* Task goal: Within the material below, locate the line with "Mens Grey Wool" and the line with "Country: United States", then return those two lines and all lines between them, exactly as written.

── Provided data ──

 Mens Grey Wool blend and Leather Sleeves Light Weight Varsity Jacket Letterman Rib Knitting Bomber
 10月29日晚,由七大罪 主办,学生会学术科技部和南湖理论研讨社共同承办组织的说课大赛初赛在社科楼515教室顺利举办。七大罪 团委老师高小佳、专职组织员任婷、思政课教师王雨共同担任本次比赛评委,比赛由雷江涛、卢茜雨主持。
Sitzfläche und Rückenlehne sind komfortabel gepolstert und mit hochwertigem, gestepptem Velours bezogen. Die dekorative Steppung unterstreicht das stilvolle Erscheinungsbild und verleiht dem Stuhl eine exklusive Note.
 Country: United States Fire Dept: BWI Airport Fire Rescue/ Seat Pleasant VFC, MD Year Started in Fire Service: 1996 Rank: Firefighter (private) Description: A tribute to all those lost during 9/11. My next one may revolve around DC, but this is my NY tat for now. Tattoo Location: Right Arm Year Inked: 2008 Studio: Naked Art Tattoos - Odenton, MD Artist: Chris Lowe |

───
── Provided data ──

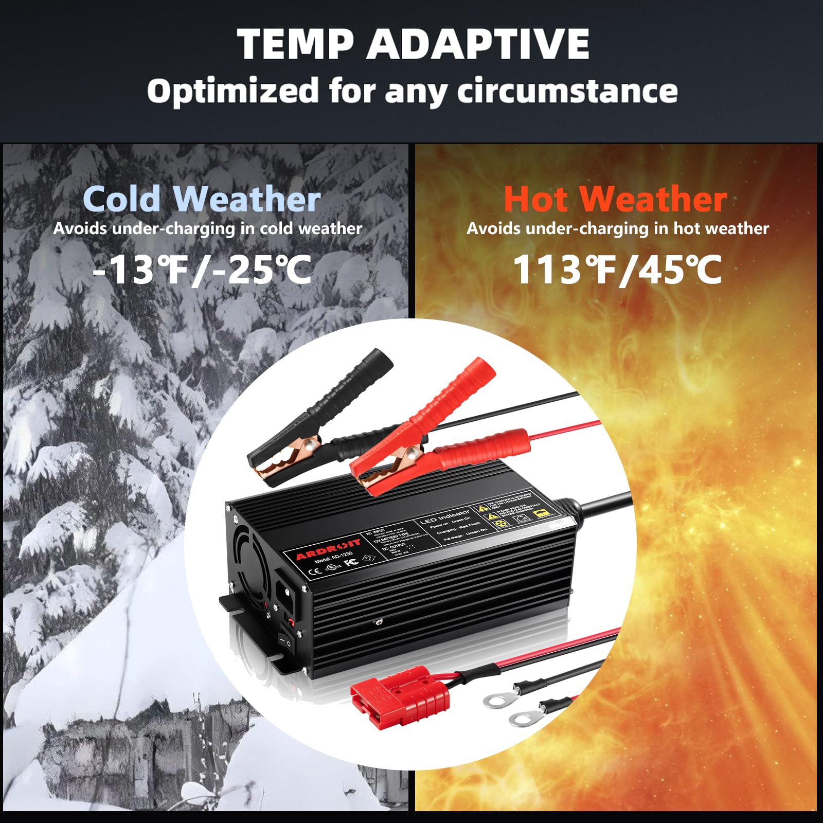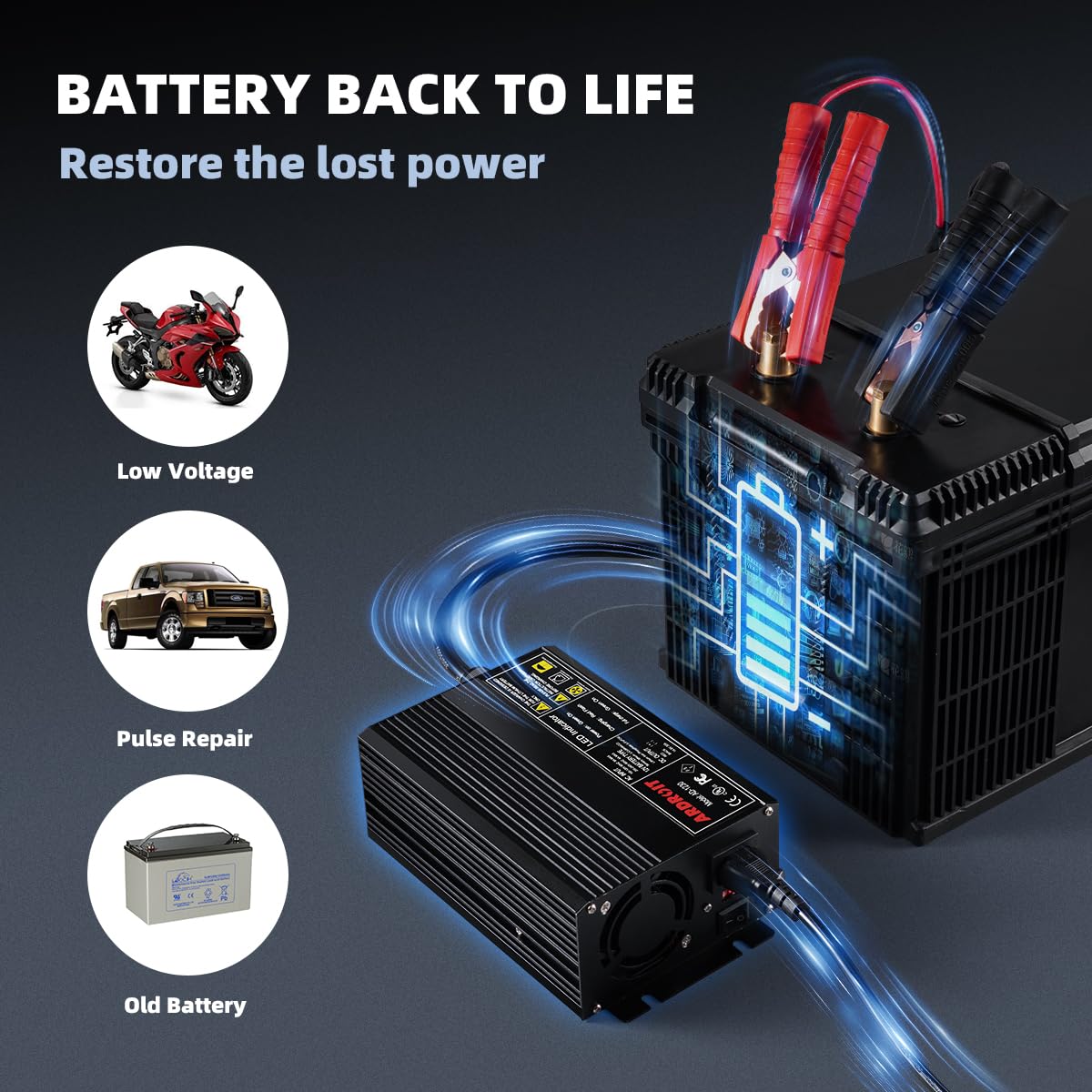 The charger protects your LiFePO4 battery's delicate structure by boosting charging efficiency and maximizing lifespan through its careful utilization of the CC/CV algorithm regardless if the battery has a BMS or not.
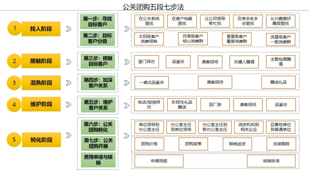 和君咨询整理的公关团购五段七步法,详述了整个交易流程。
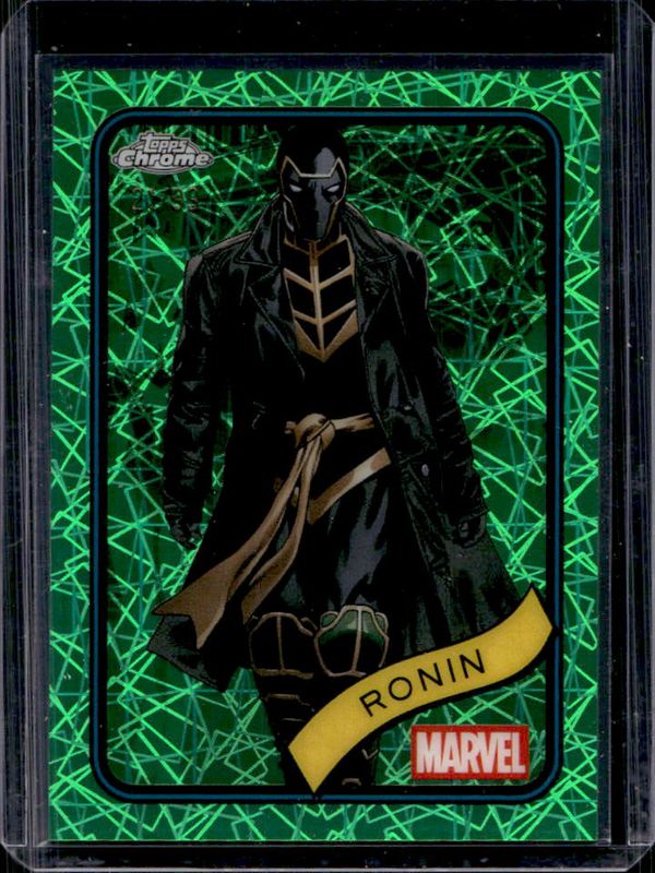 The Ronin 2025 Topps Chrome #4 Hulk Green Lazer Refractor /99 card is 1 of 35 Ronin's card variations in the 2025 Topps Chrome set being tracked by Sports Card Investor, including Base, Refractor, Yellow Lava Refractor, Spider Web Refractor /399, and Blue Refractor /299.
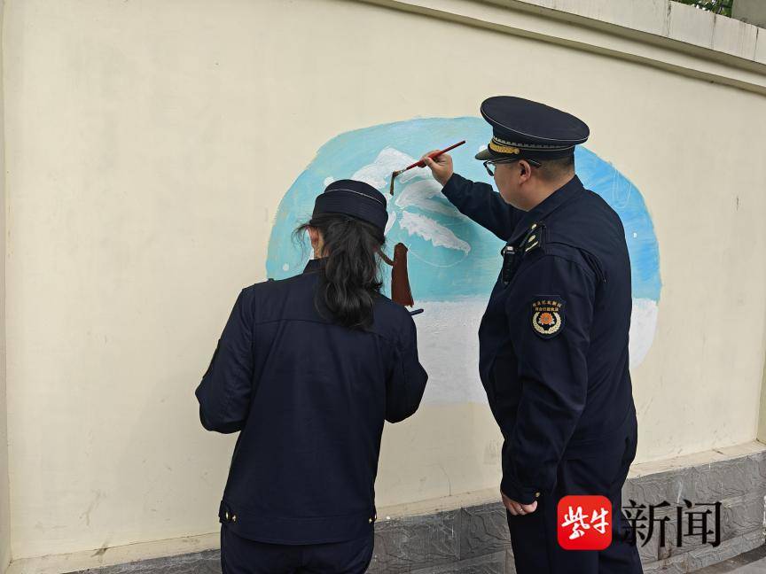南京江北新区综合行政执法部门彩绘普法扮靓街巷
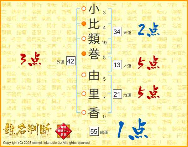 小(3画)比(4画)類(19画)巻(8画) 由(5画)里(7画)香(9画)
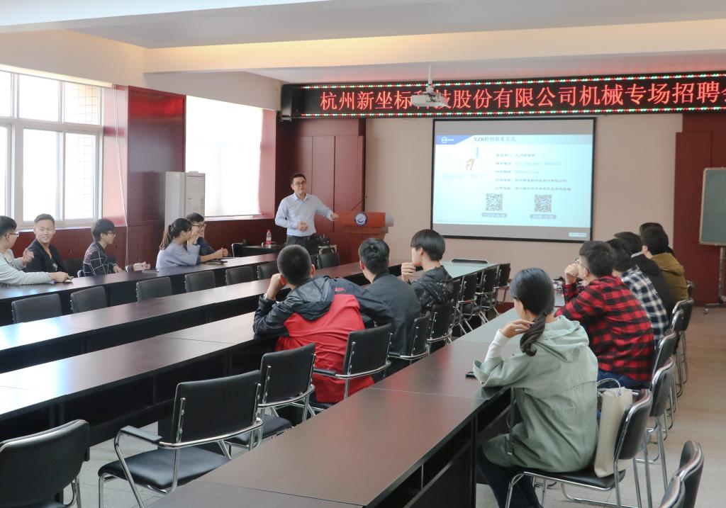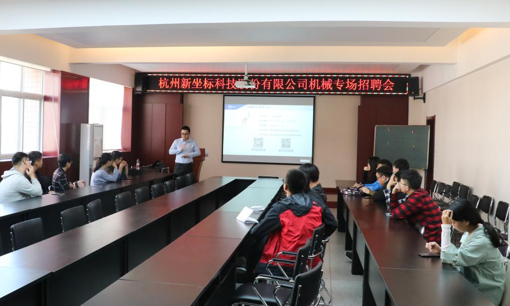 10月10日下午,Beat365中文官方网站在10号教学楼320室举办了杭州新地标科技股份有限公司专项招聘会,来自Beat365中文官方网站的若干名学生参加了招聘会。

───

* Answer for this exercise:
 Mens Grey Wool blend and Leather Sleeves Light Weight Varsity Jacket Letterman Rib Knitting Bomber
 10月29日晚,由七大罪 主办,学生会学术科技部和南湖理论研讨社共同承办组织的说课大赛初赛在社科楼515教室顺利举办。七大罪 团委老师高小佳、专职组织员任婷、思政课教师王雨共同担任本次比赛评委,比赛由雷江涛、卢茜雨主持。
Sitzfläche und Rückenlehne sind komfortabel gepolstert und mit hochwertigem, gestepptem Velours bezogen. Die dekorative Steppung unterstreicht das stilvolle Erscheinungsbild und verleiht dem Stuhl eine exklusive Note.
 Country: United States Fire Dept: BWI Airport Fire Rescue/ Seat Pleasant VFC, MD Year Started in Fire Service: 1996 Rank: Firefighter (private) Description: A tribute to all those lost during 9/11. My next one may revolve around DC, but this is my NY tat for now. Tattoo Location: Right Arm Year Inked: 2008 Studio: Naked Art Tattoos - Odenton, MD Artist: Chris Lowe |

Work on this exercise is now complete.